Saturday 22 September 2018

Trial, Meet Error: The Story of a Pharmacy Regular

“Why isn’t this medication working?” me in 2002.

“Why isn’t this medication working?” me in 2018.

When the university nurse first prodded me to consider medication, I hesitated before eventually relenting. My reasoning: While this little white pill may not be my salvation, it surely can’t hurt.

Or can it?

Over the past 16 years, my medication history is longer than a typical Catholic wedding. A is for Abilify, B is for Buspar, C is for Clonazepam…and, well, you get the idea.

Medication, I naively hoped, would be a cure-all — a foolproof remedy for intrusive, tormenting thoughts. And while medication has, at times, lowered the volume on my depressive radio, it has come with its own set of challenges.  

Speaking from firsthand experience — now 16 years and counting, medications have potent and, at times, debilitating side effects. From complaining about grogginess to bouts of irritability to general apathy, my panicked emails to my dedicated health care team bear this out. Pinpointing the right medication is trial and error — in my case, a 16-year trial replete with lots of errors (and lethargy and grogginess and irritability).

When I first accepted the shiny white pill, at the university nurse’s gentle insistence, I had no idea I had just signed up for a 16-year medication joyride. In my naïveté, there was an implicit assumption — “just give the medication six weeks and life will suddenly become unicorns, rainbows, and free Beyonce concerts.”
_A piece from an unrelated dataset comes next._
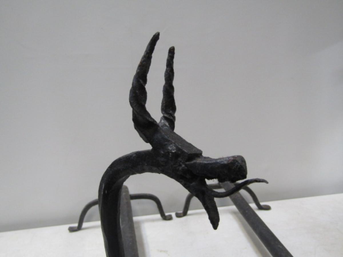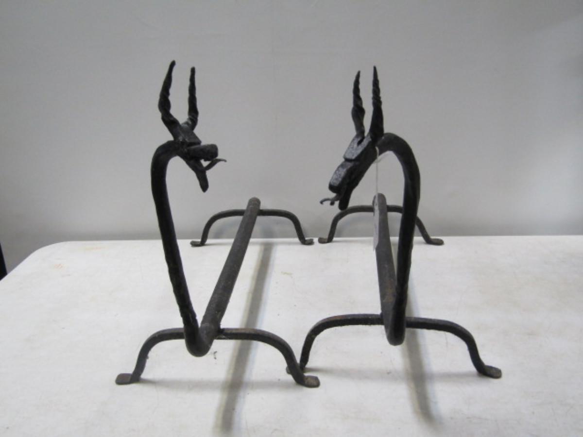 Antique Wrought Iron Andirons- Dragon Head Theme- Approx 28 1/2" Long
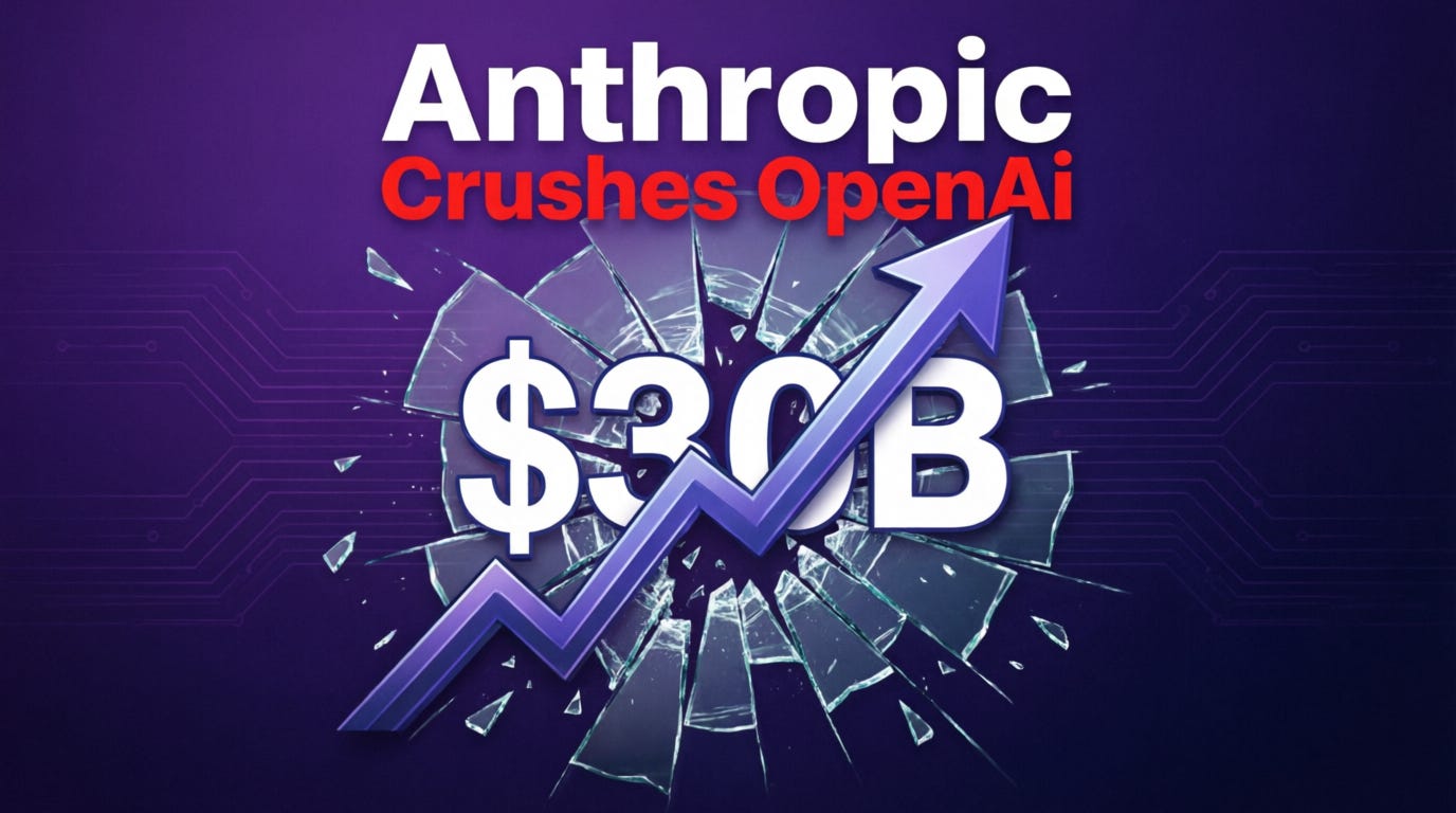 Anthropic hits $30B revenue, crushing OpenAI in the AI throne race.

Forget unicorns and a resplendent Beyonce sashaying in her yellow dress, I will take six weeks without a panic-stricken email to my dedicated health care provider (thank you, Dr. Neumaier, for your endless patience).

More than lamenting my own trials and tribulations, though, this article is intended for “Prozac Nation” — the millions of Americans seeking magic in a pill bottle as we shuffle from one supposed elixir to another. I understand the frustration — even despair — because I have lived it: the dry mouth, the racing heartbeat, the mental grogginess.  

After 16 years wandering in the (medication) desert, I believe I am inching closer to a long(er)-term solution. Knock on proverbial wood — or that Bartell’s counter that I have visited all too frequently. While Wellbutrin is far from perfect — and, yes, my mood vacillates more than Tesla stock — it is has provided a level of clarity and creativity. After years of medications numbing my mood, feelings, and, in some respects, life enjoyment, there is a level of comfort to know that there is a medication that, you know, actually works.

An estimated 40 million Americans now take a psychiatric drug; these drugs are as much of an American institution as the 9 to 5 and Thanksgiving family feuds. Despite prescription drugs’ ubiquity, however, their effects are deeply personal, even idiosyncratic (notwithstanding your health care professional’s calming reassurances that “you will feel better in no time”). For some, Prozac Nation may be an accurate title. For others, including yours truly, Wellbutrin World is a more fitting descriptor. One unmistakable lesson (and revelation) during my 16 years of medication cat and mouse: the best prescription may be, well, another prescription.